Took me a minute to work out why we've got weird indexes at 3:30; I was thinking of the number as ((1/2)/3)/4 which is really just 1/n! The expression is more ((1/2)/(3/4))/((5/6)/(7/8)) which explains the weird indexes. I should have spotted that sooner, but the writing it with only a slightly longer line to indicate order threw me off.
I had a hunch about 3:37 before you gave the answer! :) When I saw the partitioning into numerator and denominator I thought of the Thue-Morse sequence.
Why would anyone write it that way and I think je made a mistake f of x plus 1 in the denominator is not x plus 2^n it should be x plus 2 TIMES N since otherwise you are forgetting about the even numbers that are not powers of 2..
Pausing the video after the question was stated and trying to work things out on my own, I easily got as far as noting that when the expression is simplified into a product on the numerator and a product on the denominator, where each integer goes is determined the parity of the number of ones in the binary representation of the number you get if you subtract one from that integer. That is the easy part. But I would never have figured out what to do next!
@@edmundwu6507 , thanks for your explanation. I understood the alternation between numerator and demonimator. I have seen where was my mistake. In my mind, we multiply the upper limit of the product (I don't know why). 🤦♂️
The reason lim_{x->0} f(x)=0 is because the numerator of the infinite fraction has an x term. This is the only term which causes the problem. When u differentiate, it. There will be 1 term where this x term vanishes, this will be the only non-zero contribution. A similar logic can be used for f(2x) and f'(2x) at x=0.
from what he writes at around 3:00 you can see that f_m(x) is just the ratio of two polynomials with all negative roots, which shouldn't give us trouble over the positive numbers
Now this was somewhat confusing. First tricky place, at 8:55, Θ(m) is half of the time 1, and half of the time -1, but this is only true for odd m values that we can cancel all the multiplications by two. Which is our case, but still, that took some clarification for me to the very definition of a limit of a sequence to make sure we can put that multiplier of 2 inside. And another one at 10:36 - if both infinite products of (2x+2m+1)^±Θ(m) converge individually (to some t and 1/t) - that's not a problem, but if not, then merging them together - isn't it like multiplying zero, which is a product of halves, and infinity, which is a product of twos, and declaring result one?

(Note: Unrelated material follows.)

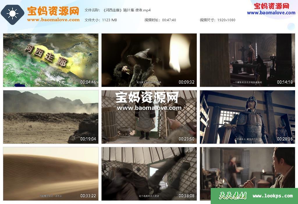 天天资源网收录的纪录片《河西走廊》,全部10集,国语发音,中文字幕;资源总大小约10.8G,单集播放时长约48分钟,1080P高清MP4视频格式,可以在电视机或电脑、平板、IPAD、早教机、手机等各种设备播放,提供百度云网盘下载。
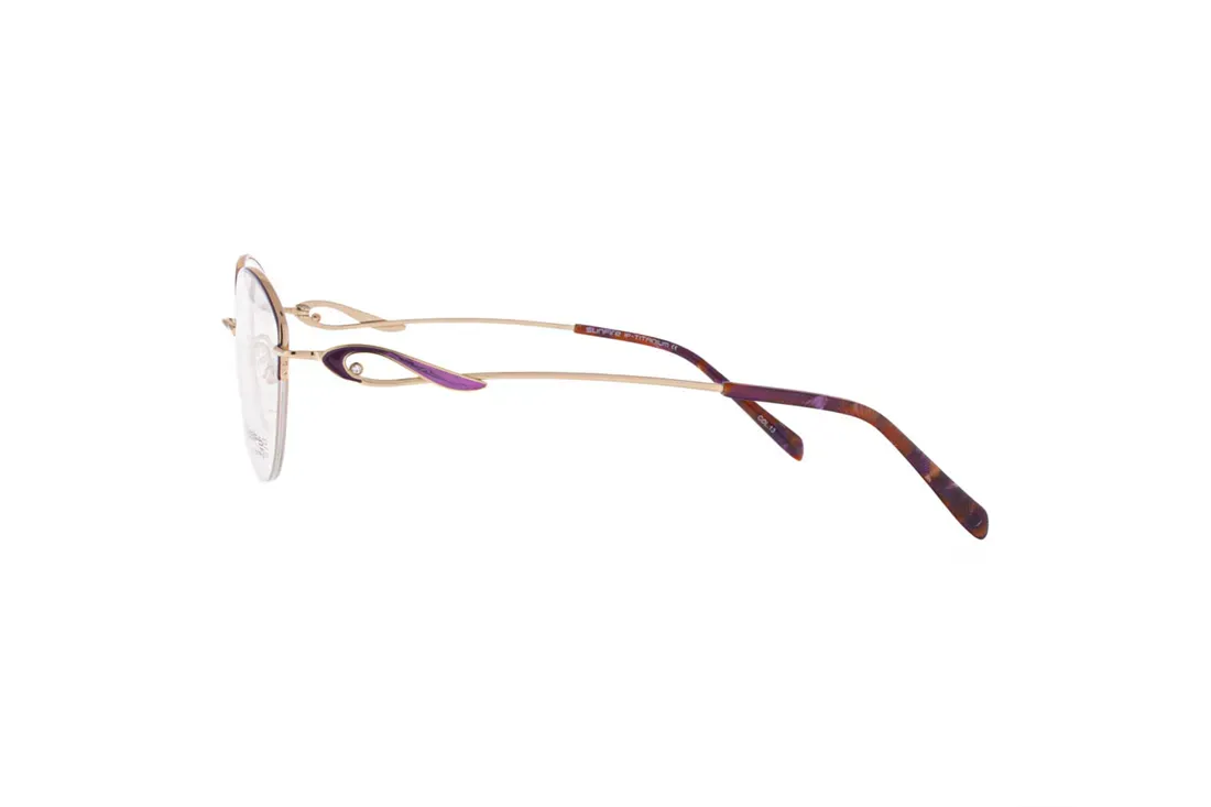 A fél keretes kialakítás modern és légies hatást kelt, miközben a szemüveg stabilitását is megőrzi. A finom, aranyszínű szárak különleges, hullámzó díszítéssel rendelkeznek, ami egyedi karaktert ad a szemüvegnek. A párnázott orrtámaszok segítik a tökéletes illeszkedést, így a szemüveg nem csúszik és nem nyom.

And he made a mistake if x equals 1 at 4:00 . X plus 6 should be in the denominator and x plus 7 should be in the numerator..and f sub 3 would only go up to x +4/×+5 so why did he even put the x +6/×+7 term in there..
Is this actually follow able and correct..can't you plug in first few values and see the pattern that way? For example when you get up to 5/6 as the final term the answer is 4/5 ..isn't that the start of a pattern?
after thinking about it for a few seconds i immediately realized the link with the thue-morse sequence, turns out doing some competitive code golfing several years ago has its uses (in solving obscure math problems)
Might this limit also be found by using a recursively-defined inequality? 3/4 > 1/2 ; (5/6) / (7/8) > (1/2) / (3/4), etc. I could see that it wasn't going to climb all the way back up to 1 but was a little surprised that it came out as low as .707+ , because the third term is already .666...
Even if it's smaller than 1 always we haven't shown it doesn't possibly bounce between multiple values, i.e., for some large n f_n(1) = .24, f_n+1(1) = .76, f_n+2(1) = .249, f_n+3(1) = .751, etc.
Omg, beautiful problem. I can follow all those steps, but it really requires some good "guesses" to solve this problem; I would have not been able to do it by myself.
But for fxn plus 1 it isn't x plus 2 raised to the n..it's 2 times nnsince you have all the even numbers that are not pure powers of 2 .did he forget about those?
We introduce a variable x which we know we are later going to set to a constant. It's a trick but it's a valid one and sometimes (like here) it actually gets us somewhere we couldn't have got without the algebraic steps.
It turns out that pi can be expressed as an infinite product of rationals, as illustrated in this video m.ua-cam.com/video/cI6tt9QfRdo/v-deo.html (timestamp 57:31)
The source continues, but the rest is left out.